Opa interacting protein 5 promotes proliferation and migration of trophoblast cells via activating STAT3 pathway.

Missed abortion, one of the leading causes of maternal and perinatal mortality, is associated with impaired trophoblast function. Opa interacting protein 5 (OIP5) interacts with outer membrane proteins, Opa, to play an important role in mitosis and tumorigenesis. The role of OIP5 in missed abortion was investigated in this study. Firstly, the expression of OIP5 in villous samples from patients with missed abortion was compared with women with normal pregnancies. Result showed that OIP5 was down-regulated in the placental villi from patients with missed abortion. Secondly, human first-trimester extravillous trophoblast-derived cell line (HTR-8/SVneo) was transfected with shRNA targeting OIP5 (shOIP5) or pcDNA-OIP5 (OIP5). Data from MTT and flow cytometry assays demonstrated that knockdown of OIP5 reduced number of viable cells in HTR-8/SVneo, and promoted the cell apoptosis. However, over-expression of OIP5 increased the number of viable cells and suppressed the cell apoptosis in HTR-8/SVneo.

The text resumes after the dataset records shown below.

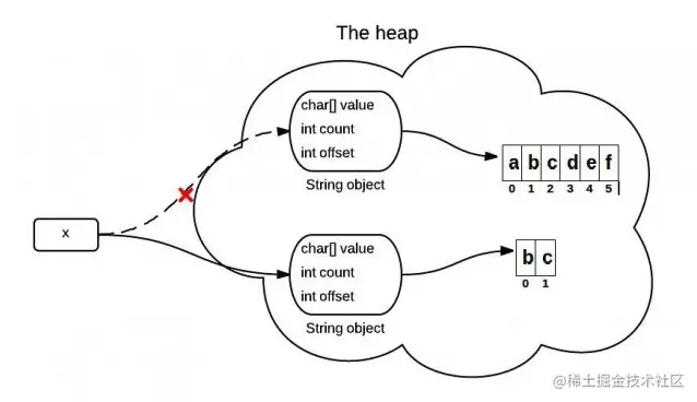 上面提到的问题,在jdk 7中得到解决。在jdk 7 中,substring方法会在堆内存中创建一个新的数组。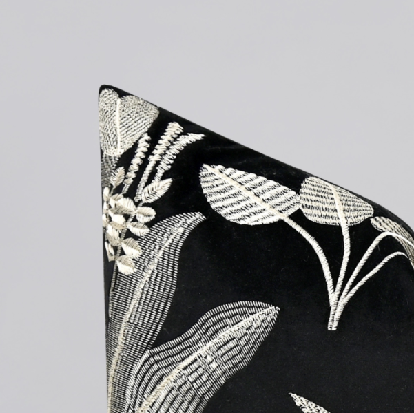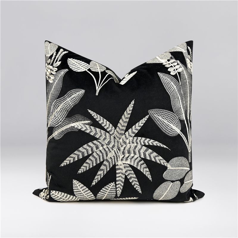 Modern Luxury Living Room Sofa Hug Cushion High-End Black Velvet Embroidery Plant Pillow Anti-Static Decorative Throw Pillows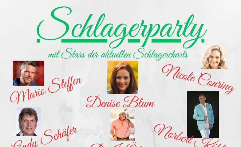 Freut euch auf eine unvergessliche Nacht voller Musik, Spaß und guter Laune! Bei unserer Schlagerparty erwarten euch 5 bekannte Live-Künstler (Nicole Conring, Norbert Köhler, Denise Blum, Andy Schäfer und Mario Steffen), die aus Funk und Fernsehen bekannt sind, sowie ein DJ Ötzi Double, das für die perfekte Partystimmung sorgt.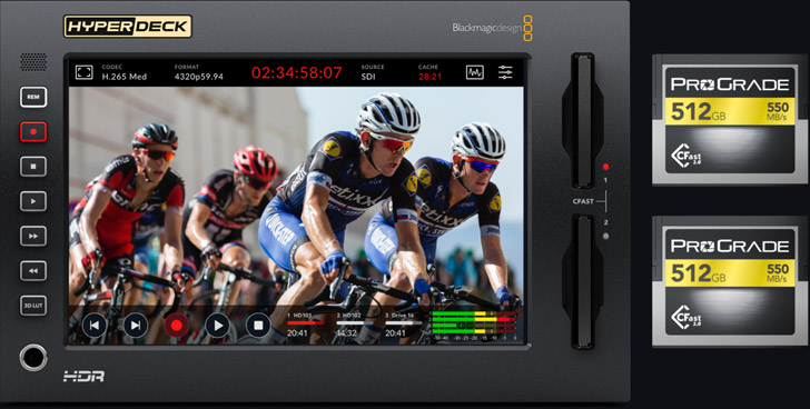 8K has 4 times as many pixels as Ultra HD so HyperDeck Extreme 8K HDR takes advantage of H.265 files for recording in 8K so file sizes are smaller and the 8K files are easy to use. H.265 files are extremely small and range from 60:1 to 285:1 compression ratios which means much lower file sizes. Plus H.265 is now supported on all major operating systems. HyperDeck Extreme even supports ProRes 422 HQ, ProRes 422, ProRes 422 LT for recording and playback plus ProRes 4444 for playback to fill and key out. This means files will be compatible with software such as DaVinci Resolve, Media Composer, Premiere Pro or Final Cut Pro .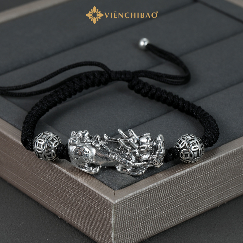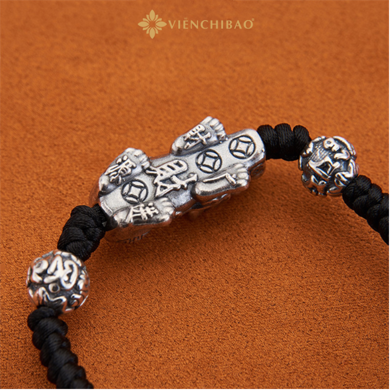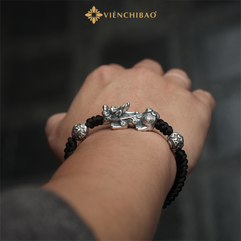 Mỗi chi tiết trên vòng đều được hoàn thiện tỉ mỉ, từ hạt bạc khắc hoa văn cổ cho đến đường viền Tỳ Hưu uốn lượn, tạo nên tổng thể hài hòa và sang trọng. Đây là món trang sức phong thủy không chỉ mang ý nghĩa chiêu tài lộc mà còn tôn lên bản lĩnh và phong thái tự tin của người đàn ông hiện đại.

Moreover, cell migration of HTR-8/SVneo was inhibited by silencing of OIP5, and OIP5 over-expression enhanced protein expression of matrix metallopeptidase (MMP) 2/9. Lastly, OIP5 contributed to phosphorylation of STAT3 (signal transducer and activator of transcription 3) in HTR-8/SVneo. Inhibition of STAT3 attenuated OIP5 over-expression-induced increase in number of viable cells and migration in HTR-8/SVneo. In conclusion, OIP5 contributed to the proliferation and migration of trophoblast cell through activation of STAT3 signaling.